PROBLEM » Transcribe the records that follow in their entirety, omitting any pictures.

PROVIDED RECORDS »
>>>>
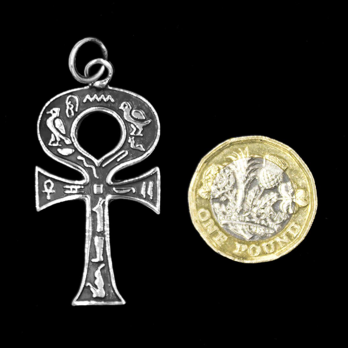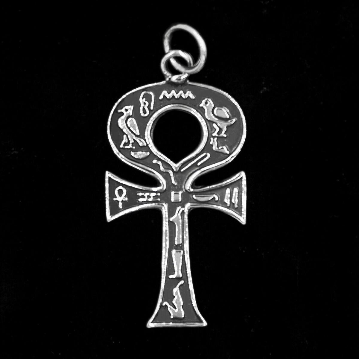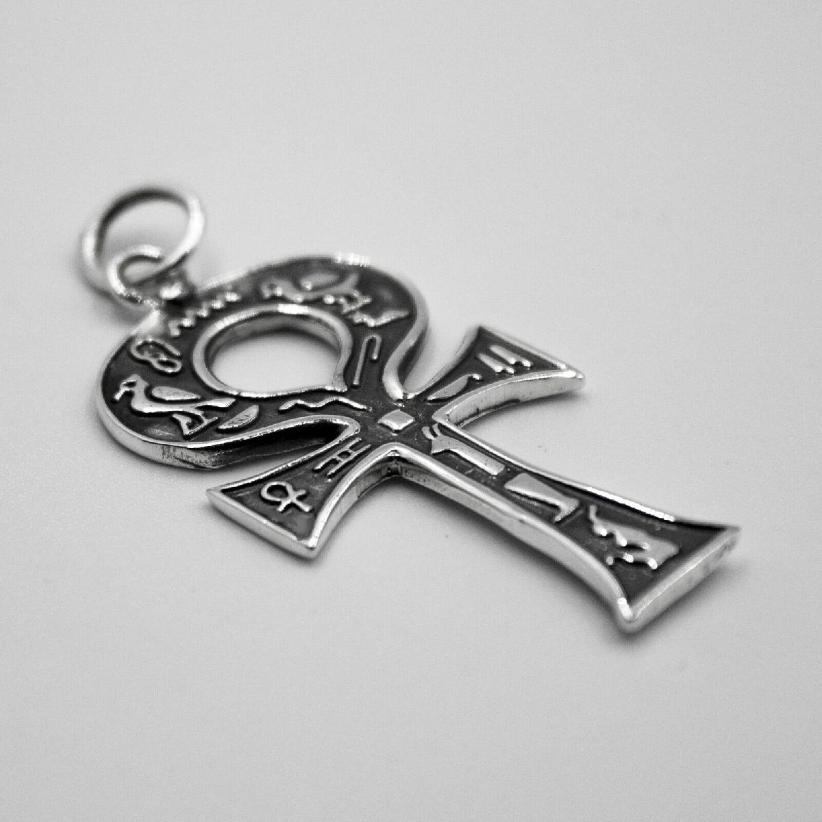 925 SOLID STERLING SILVER ANCIENT EGYPT LARGE ANKH CROSS W. HIEROGLYPHS PENDANT [ENDED]
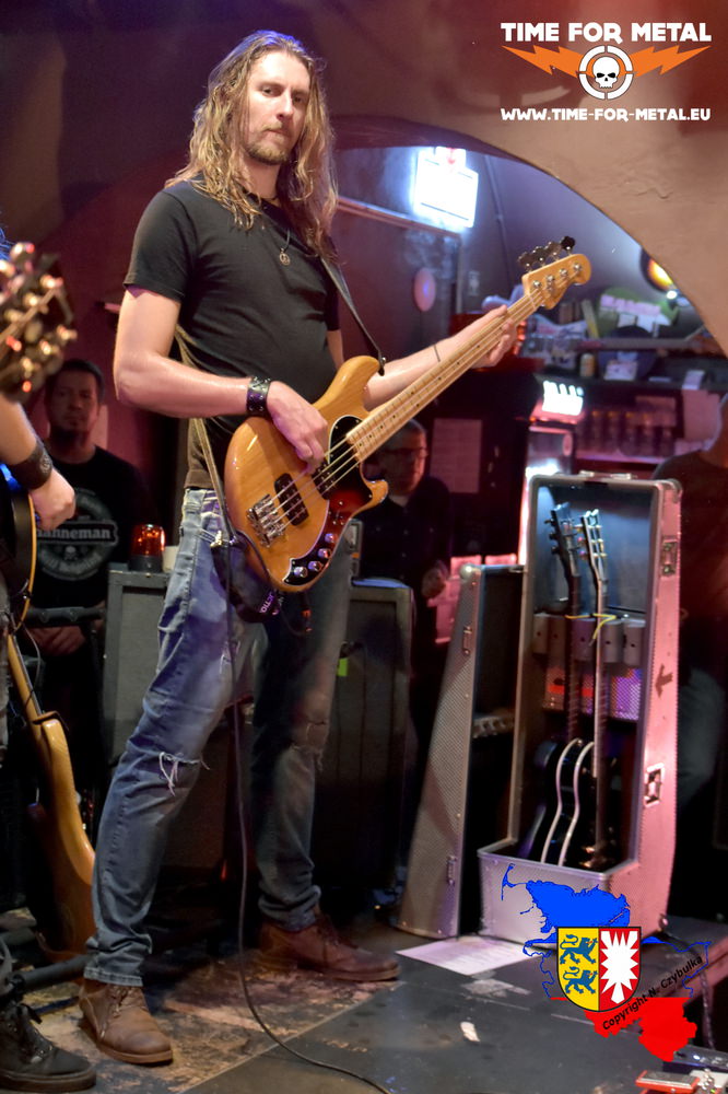 So beginnen dann Godsnake ihr Set mit Hellbound Ride. Die fünf Hamburger um Sänger Torger spielen einen harten, rifflastigen Metal, der trotz der Lautstärke einige Hooklines zu bieten hat. Drummer Sidney wütet an seinem Kit und Carsten am Bass untermauert die kräftigen Beats mit seinem akzentuierten Spiel. Beide Gitarreros schenken sich nichts. Malte ist der etwas sololastigere, wobei auch Stefan seine Momente hat. Sie spielen fast alle die Songs ihrer 4 Track EP, die aber zum Entstehungsdatum noch vom Gitarristen eingesungen wurde. Wer sich das Teil mal antut, der wird eine verdammte Ähnlichkeit mit James Hettfield feststellen können. Beachtenswert ist auch, dass die Truppe bereits 2016 auf den Hamburger Metal Dayz aufgetreten ist. So wissen die sechs Tracks, davon drei neue, zu gefallen. Der Aufforderung, die Bambi Galore leerzusaufen, kommen einige sehr gern nach, wie sich später noch zeigen wird. Der Platz vor der Bühne ist noch luftig, und so beenden die göttlichen Schlangen nach 30 Minuten ihren Auftritt. Das war schon mal ein guter Anfang.
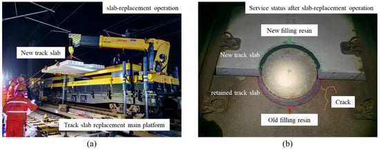 Slab-replacement operation of CRTS I slab ballastless track: (a) diagram of slab-replacement operation; (b) structural differences and damage after slab-replacement operations.
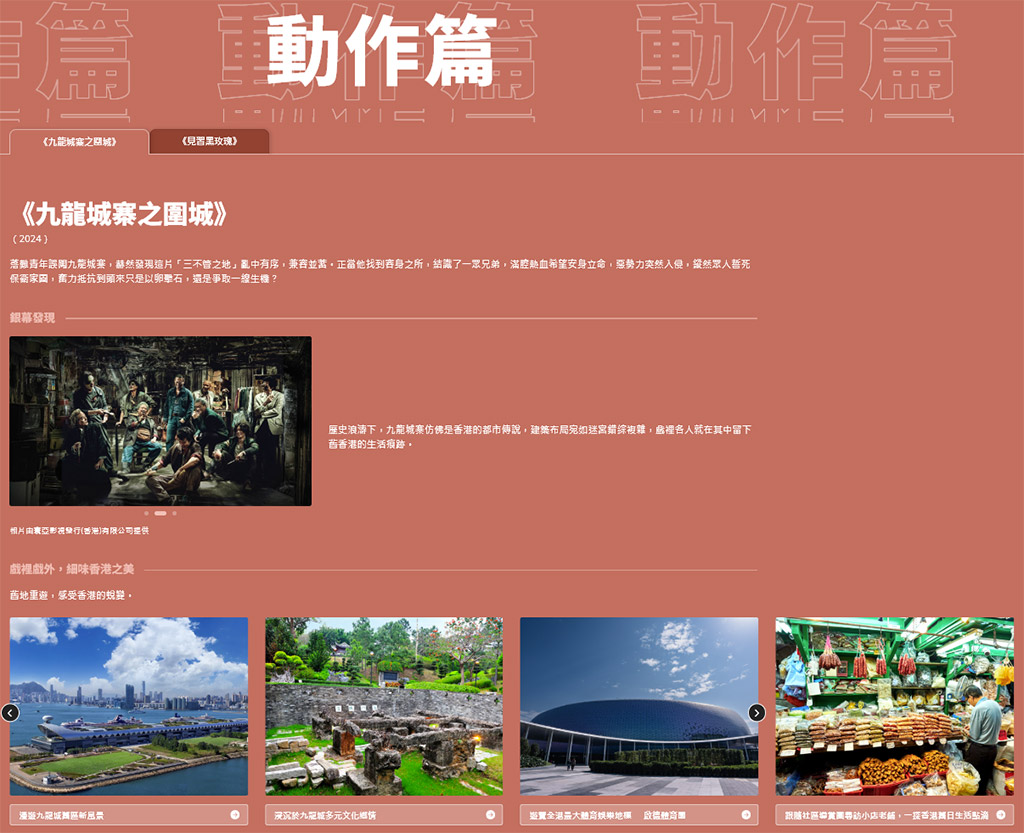 配合紀錄片發布,旅發局特別呈獻香港電影旅遊指南,向旅客介紹港九新界一系列精心挑選的體驗活動與拍攝地點,鼓勵旅客親身走訪電影場景,感受銀幕背後的城市故事,並探索更多文化景點與地道風貌,延伸電影旅遊效益。
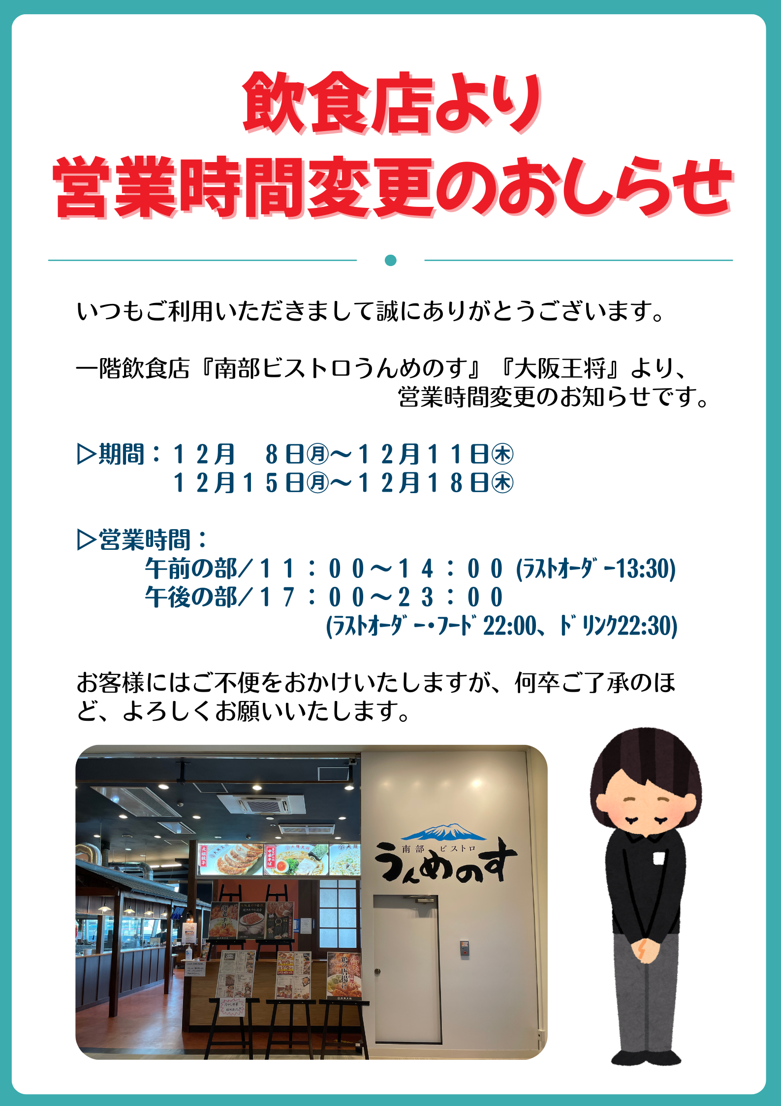 • 一階飲食店『南部ビストロうんめのす』『大阪王将』より、営業時間変更のお知らせです。
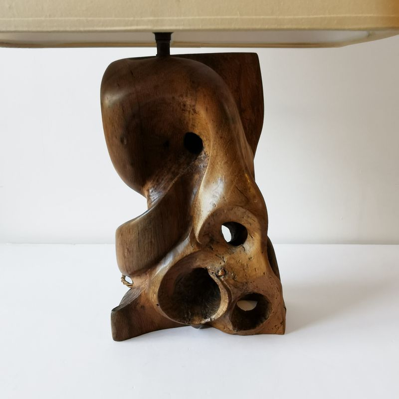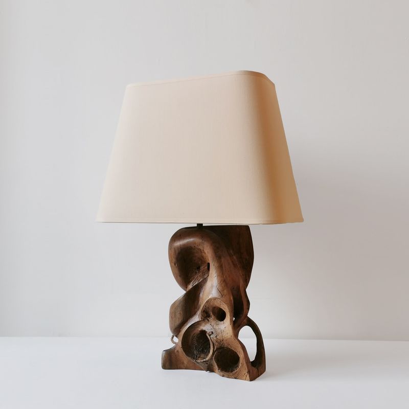 A Carved Wood Table Lamp From Quindry Availability: SOLD Hand carved wooden table lamp with eye detail. Rewired & PAT-certified, bespoke lampshade France, c.1950 W.20 x H.59.5 x D.10cm W.8 x H.23½ x D.4in View item on dealer's website › Contact Dealer Your name Your email Your phone number Subject I consent to the use of my data as per the Privacy Policy Send Message Share Tweet
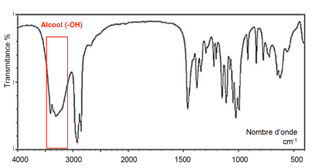 chaîne cyclique![]() | Alcool (-OH) | 3200 – 3450 ou 3600 – 3700 |
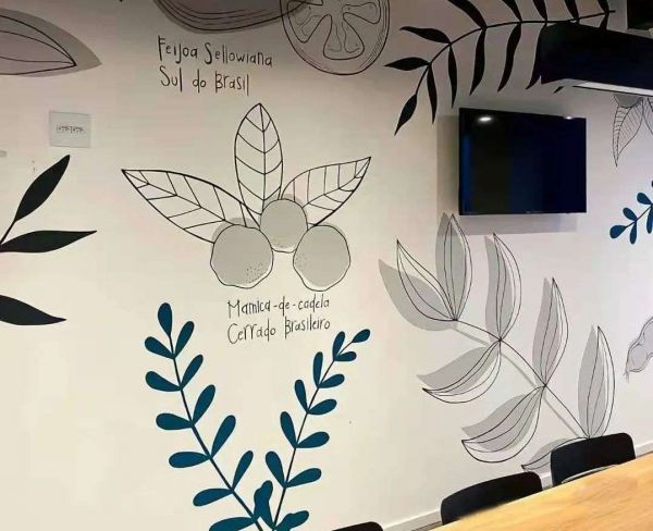 搬家前,我给所有人买了1000块一把的办公椅,在厨房放了咖啡机,还手绘了一面墙,以营造温馨的感觉。只不过这个手绘我只花了颜料钱,最终是由公司的两位设计完成的。
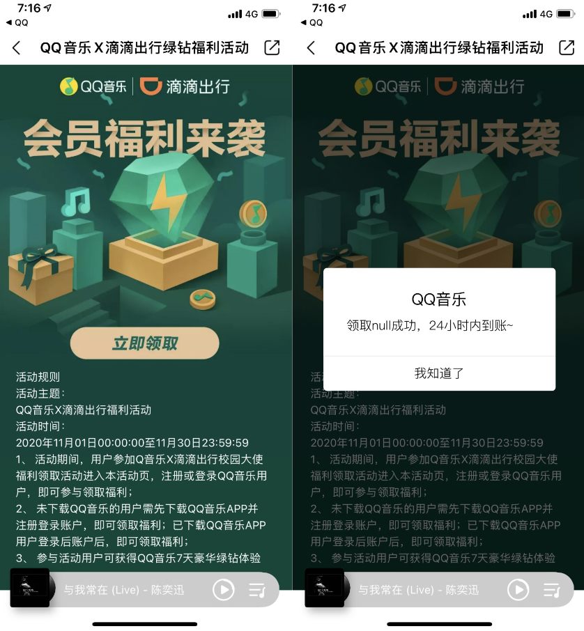 参与活动用户可获得QQ音乐7天豪华绿钻体验,未下载QQ音乐的用户需先下载QQ音乐APP并注册登录账户,即可领取福利;已下载QQ音乐APP用户扫码登录后账户后,即可领取福利!
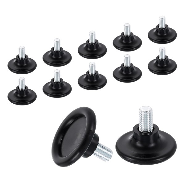 sourcing map 12Pcs M10 Thread Furniture Feet Levelers, 45x16mm Adjustable Leveling Table Feet, Screw on Furniture Glide Leveling for Chair Stool Legs, Black
<<<<
SOLUTION »
 925 SOLID STERLING SILVER ANCIENT EGYPT LARGE ANKH CROSS W. HIEROGLYPHS PENDANT [ENDED]
 So beginnen dann Godsnake ihr Set mit Hellbound Ride. Die fünf Hamburger um Sänger Torger spielen einen harten, rifflastigen Metal, der trotz der Lautstärke einige Hooklines zu bieten hat. Drummer Sidney wütet an seinem Kit und Carsten am Bass untermauert die kräftigen Beats mit seinem akzentuierten Spiel. Beide Gitarreros schenken sich nichts. Malte ist der etwas sololastigere, wobei auch Stefan seine Momente hat. Sie spielen fast alle die Songs ihrer 4 Track EP, die aber zum Entstehungsdatum noch vom Gitarristen eingesungen wurde. Wer sich das Teil mal antut, der wird eine verdammte Ähnlichkeit mit James Hettfield feststellen können. Beachtenswert ist auch, dass die Truppe bereits 2016 auf den Hamburger Metal Dayz aufgetreten ist. So wissen die sechs Tracks, davon drei neue, zu gefallen. Der Aufforderung, die Bambi Galore leerzusaufen, kommen einige sehr gern nach, wie sich später noch zeigen wird. Der Platz vor der Bühne ist noch luftig, und so beenden die göttlichen Schlangen nach 30 Minuten ihren Auftritt. Das war schon mal ein guter Anfang.
 Slab-replacement operation of CRTS I slab ballastless track: (a) diagram of slab-replacement operation; (b) structural differences and damage after slab-replacement operations.
 配合紀錄片發布,旅發局特別呈獻香港電影旅遊指南,向旅客介紹港九新界一系列精心挑選的體驗活動與拍攝地點,鼓勵旅客親身走訪電影場景,感受銀幕背後的城市故事,並探索更多文化景點與地道風貌,延伸電影旅遊效益。
 • 一階飲食店『南部ビストロうんめのす』『大阪王将』より、営業時間変更のお知らせです。
 A Carved Wood Table Lamp From Quindry Availability: SOLD Hand carved wooden table lamp with eye detail. Rewired & PAT-certified, bespoke lampshade France, c.1950 W.20 x H.59.5 x D.10cm W.8 x H.23½ x D.4in View item on dealer's website › Contact Dealer Your name Your email Your phone number Subject I consent to the use of my data as per the Privacy Policy Send Message Share Tweet
 chaîne cyclique![]() | Alcool (-OH) | 3200 – 3450 ou 3600 – 3700 |
 搬家前,我给所有人买了1000块一把的办公椅,在厨房放了咖啡机,还手绘了一面墙,以营造温馨的感觉。只不过这个手绘我只花了颜料钱,最终是由公司的两位设计完成的。
 参与活动用户可获得QQ音乐7天豪华绿钻体验,未下载QQ音乐的用户需先下载QQ音乐APP并注册登录账户,即可领取福利;已下载QQ音乐APP用户扫码登录后账户后,即可领取福利!
 sourcing map 12Pcs M10 Thread Furniture Feet Levelers, 45x16mm Adjustable Leveling Table Feet, Screw on Furniture Glide Leveling for Chair Stool Legs, Black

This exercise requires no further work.